In-universe information
- Species: Monkeys
- Gender: Males

= Meany, Miny, and Moe =

Meany, Miny, and Moe are animated characters created by Walter Lantz, who made their first appearance in the Oswald the Lucky Rabbit cartoon Monkey Wretches (1935). Their final animated appearance was in 1937 in The Air Express.

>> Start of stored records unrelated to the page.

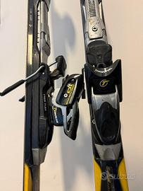 sci con attacchi, racchette e custodia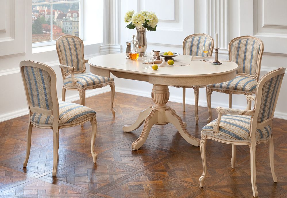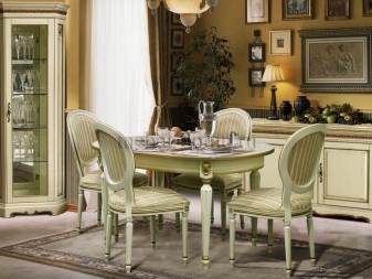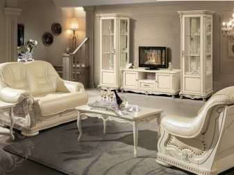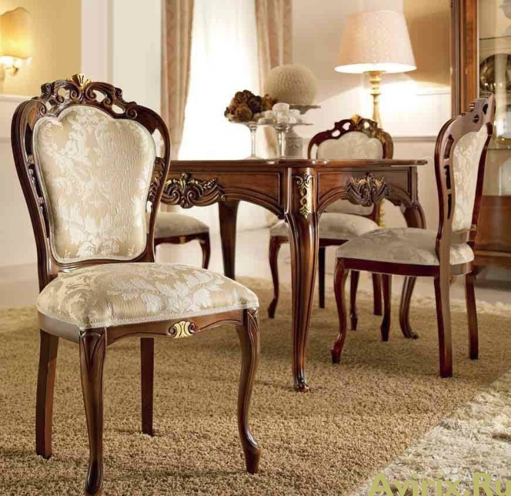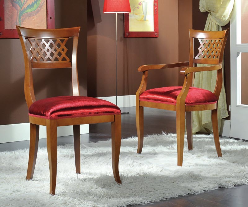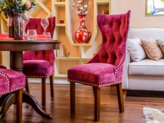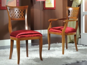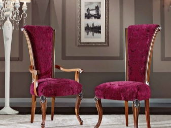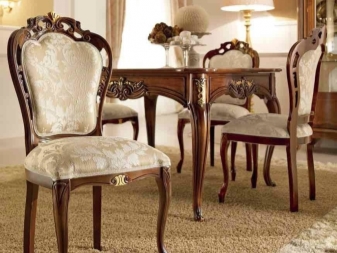 Most often they are made of wood, and they are more massive compared to other models. For the living room often get furniture with armrests, which also has soft elements. Living room chairs have a cushion on the seat, on the armrests and on the back. Such models are decorated with interesting patterns and carvings.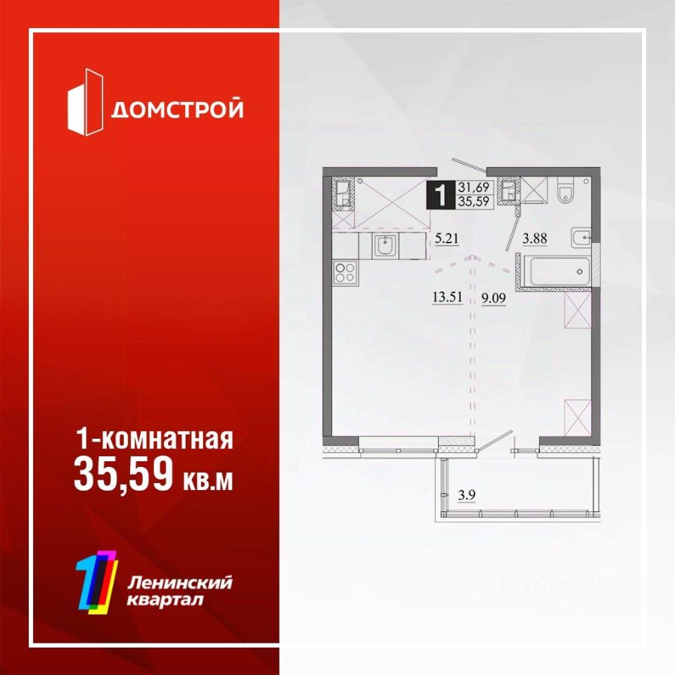 Продаётся 1-комнатная квартира в строящемся доме (Жилой дом 6 (Секция 12) ), срок сдачи: IV-кв. 2026, общей площадью 35.59 кв.м., на 2 этаже. Первый Ленинский квартал - новый перспективный квартал, масштабы которого поражают. В нем предусмотрено все: расположение, уютный благоустроенный и, что немаловажно, безопасный двор с видеонаблюдением, умные домофоны, энергоэффективное освещение. Будет установлена парковка для электромобилей с возможностью подзарядки, стойки для велосипедов. В квартирах умные счетчики, окна с витражным остеклением.

== Personalities and development ==
According to their theme song, the trio are "just three monkeys from the sticks / just a bunch of jungle hicks / but they know a lot of tricks". At first portrayed as unclothed identical triplets in the Oswald cartoons, the monkeys began wearing clothes and behaving individually when they graduated to their own series. Meany is a wannabe tough guy, often bullying his shyer, clumsier brothers. In animation, the trio rarely speak coherent English, instead rapidly gibbering in an imitation of real-life monkeys.

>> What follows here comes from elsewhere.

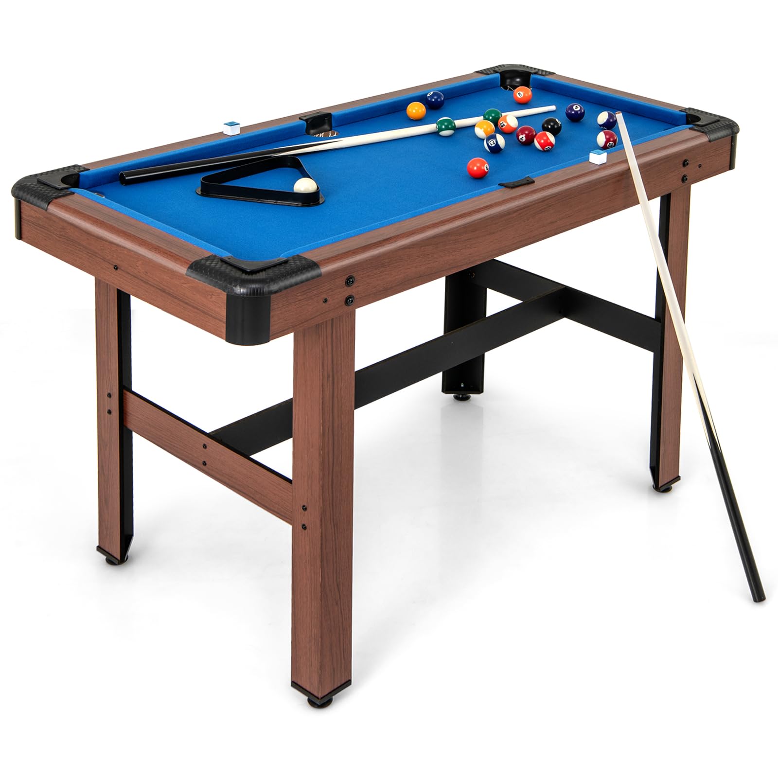 GYMAX Pool Table, 48 Inch Wooden Billiard Tables with 16 Balls, 2 Cue Sticks, 2 Chalks and Brush

While usually depicted as monkeys with tails, the three brothers are occasionally drawn tailless, making them look more like chimpanzees.

== List of appearances ==

| No. | Title | Release date | Notes |
|---|---|---|---|
| N/A. | "Monkey Wretches" | November 11, 1935 | In an Oswald the Lucky Rabbit cartoon. The first appearance of Meany, Miney and Moe. |
| N/A. | "Beauty Shoppe" | March 30, 1936 | In an Oswald the Lucky Rabbit cartoon |
| N/A. | "Farming Fools" | May 25, 1936 | In an Oswald the Lucky Rabbit cartoon |
| N/A. | "Battle Royal" | June 22, 1936 | In an Oswald the Lucky Rabbit cartoon |
| 1 | "Turkey Dinner" | November 30, 1936 | The first Meany, Miny and Moe cartoon |
| 2 | "Knights For The Day" | December 25, 1936 |  |
| 3 | "The Golfers" | January 11, 1937 |  |
| 4 | "House Of Magic" | February 8, 1937 |  |
| 5 | "The Big Race" | March 8, 1937 |  |
| 6 | "The Lumber Camp" | March 15, 1937 |  |
| 7 | "The Steel Workers" | April 26, 1937 |  |
| 8 | "The Stevedores" | May 24, 1937 | The first cartoon that the characters speak. |
| 9 | "The Country Store" | July 5, 1937 |  |
| 10 | "Firemen's Picnic" | August 16, 1937 |  |
| 11 | "The Rest Resort" | August 23, 1937 |  |
| 12 | "Ostrich Feathers" | September 6, 1937 |  |
| 13 | "The Air Express" | September 20, 1937 | The last Meany, Miny, and Moe cartoon. The last appearance of Meany, Miney and Moe. |

== Comic appearances ==
In the later Lantz comic books Woody Woodpecker Back to School #1 and 2 (1952–53), the three monkeys starred in comic stories of their own. The spelling of their names changed to Meeny, Miney and (sometimes) Mo. In the comics, the trio spoke English in a style roughly mimicking the Three Stooges. While Meeny's name no longer exactly matched the word "meany", he was still portrayed as a wannabe tough guy.